Goal of the exercise.
The data that follows must be transcribed in full and exactly, minus the pictures.

The data.

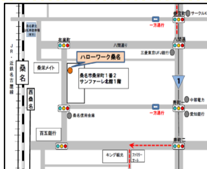
【説明会会場】 JR・近鉄桑名駅 徒歩2分
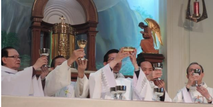
Quy Cha Đồng tế thánh lễ khai mạc
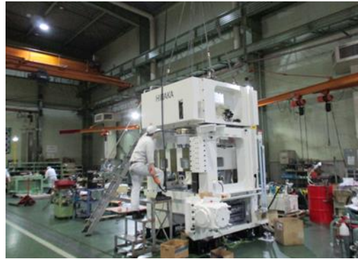
⑥ 本組み (三段組み作業)

Result below.
【説明会会場】 JR・近鉄桑名駅 徒歩2分
Quy Cha Đồng tế thánh lễ khai mạc
⑥ 本組み (三段組み作業)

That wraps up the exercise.